- Activity -
Take the lines below from the one with "また、動画で紹介したカッター" through the one with "19mmキーピッチ※。使いや" and retype them exactly. Include nothing else, and no pictures.

- Information -
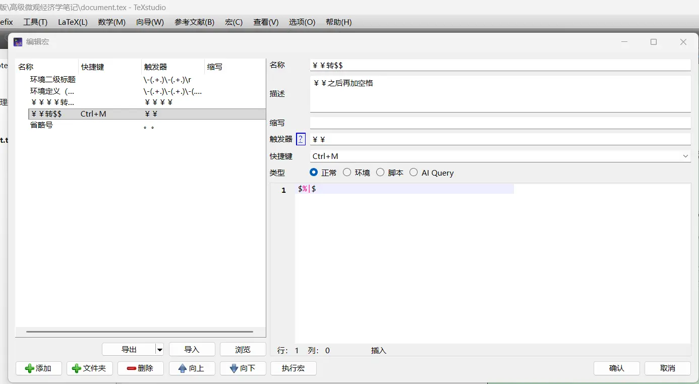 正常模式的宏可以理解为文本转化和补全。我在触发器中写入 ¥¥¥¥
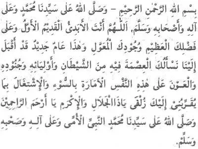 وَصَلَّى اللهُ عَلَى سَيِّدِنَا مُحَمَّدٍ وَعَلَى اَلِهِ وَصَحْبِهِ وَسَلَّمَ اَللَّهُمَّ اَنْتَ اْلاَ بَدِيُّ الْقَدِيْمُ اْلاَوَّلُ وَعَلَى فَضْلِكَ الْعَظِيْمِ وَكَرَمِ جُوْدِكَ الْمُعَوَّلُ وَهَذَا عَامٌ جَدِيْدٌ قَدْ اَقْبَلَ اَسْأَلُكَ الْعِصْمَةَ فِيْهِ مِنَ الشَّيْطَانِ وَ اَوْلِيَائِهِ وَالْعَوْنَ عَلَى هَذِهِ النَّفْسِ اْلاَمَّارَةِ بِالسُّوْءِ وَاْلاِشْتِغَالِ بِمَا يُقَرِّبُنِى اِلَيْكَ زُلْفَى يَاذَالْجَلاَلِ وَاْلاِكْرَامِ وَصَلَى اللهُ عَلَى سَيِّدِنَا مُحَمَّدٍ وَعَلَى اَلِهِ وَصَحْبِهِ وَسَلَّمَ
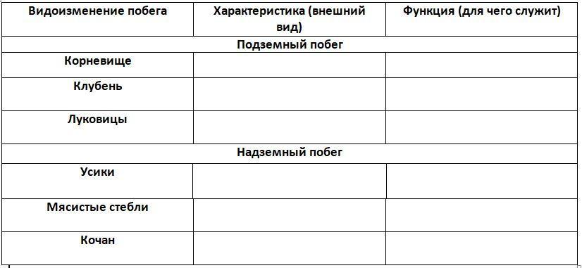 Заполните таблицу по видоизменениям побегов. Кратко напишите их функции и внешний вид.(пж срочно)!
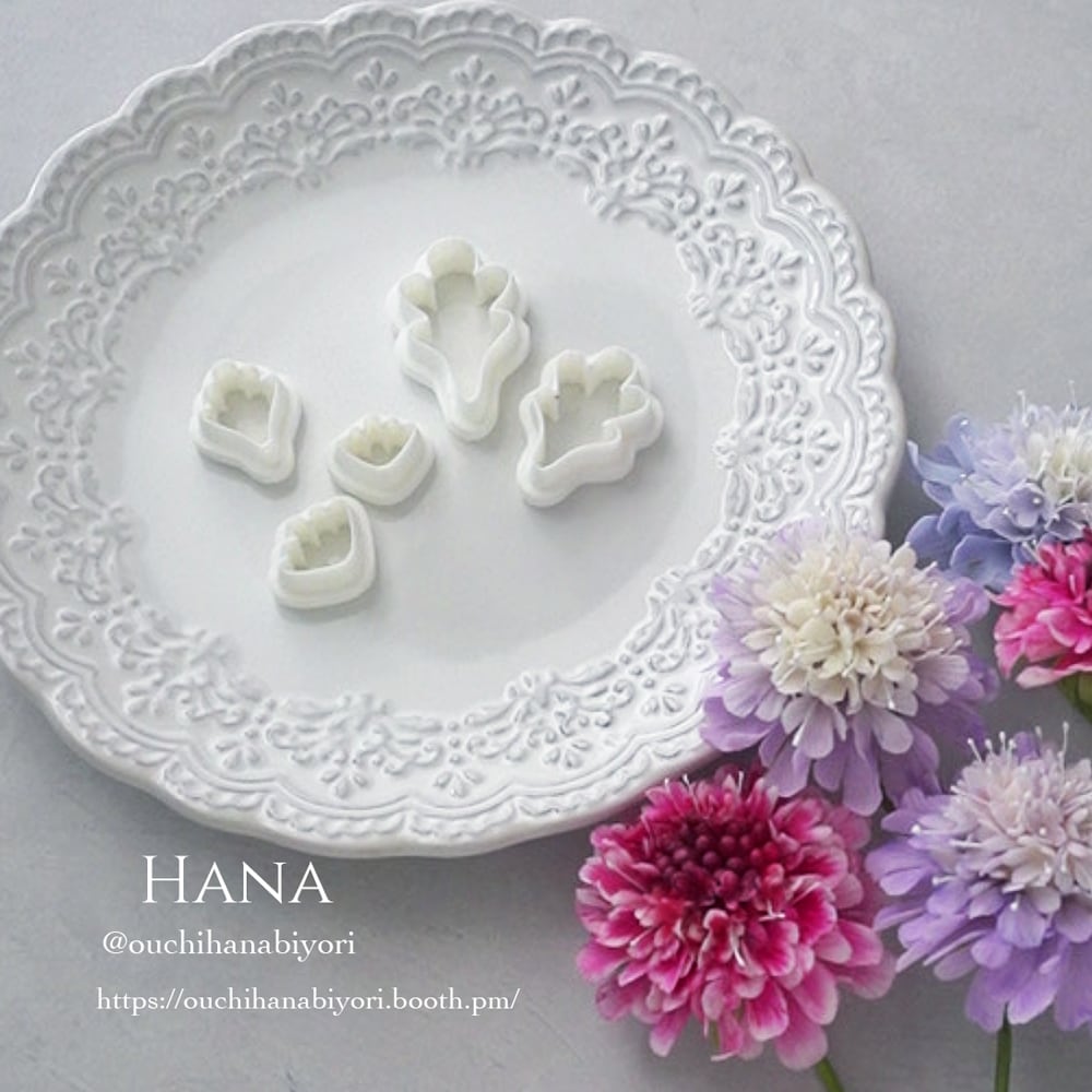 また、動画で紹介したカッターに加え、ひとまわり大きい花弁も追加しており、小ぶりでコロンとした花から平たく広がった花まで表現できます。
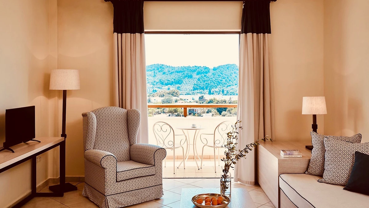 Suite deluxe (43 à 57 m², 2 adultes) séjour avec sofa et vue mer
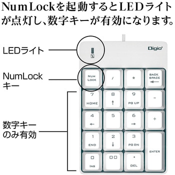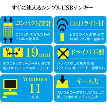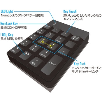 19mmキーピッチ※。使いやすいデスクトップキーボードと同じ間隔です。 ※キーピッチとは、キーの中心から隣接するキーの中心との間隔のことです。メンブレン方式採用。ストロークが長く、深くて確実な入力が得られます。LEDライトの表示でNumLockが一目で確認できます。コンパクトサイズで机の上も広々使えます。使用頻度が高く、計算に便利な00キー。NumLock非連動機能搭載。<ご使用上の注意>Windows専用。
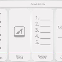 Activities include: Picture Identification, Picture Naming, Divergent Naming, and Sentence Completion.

- Problem solution -
 また、動画で紹介したカッターに加え、ひとまわり大きい花弁も追加しており、小ぶりでコロンとした花から平たく広がった花まで表現できます。
 Suite deluxe (43 à 57 m², 2 adultes) séjour avec sofa et vue mer
 19mmキーピッチ※。使いやすいデスクトップキーボードと同じ間隔です。 ※キーピッチとは、キーの中心から隣接するキーの中心との間隔のことです。メンブレン方式採用。ストロークが長く、深くて確実な入力が得られます。LEDライトの表示でNumLockが一目で確認できます。コンパクトサイズで机の上も広々使えます。使用頻度が高く、計算に便利な00キー。NumLock非連動機能搭載。<ご使用上の注意>Windows専用。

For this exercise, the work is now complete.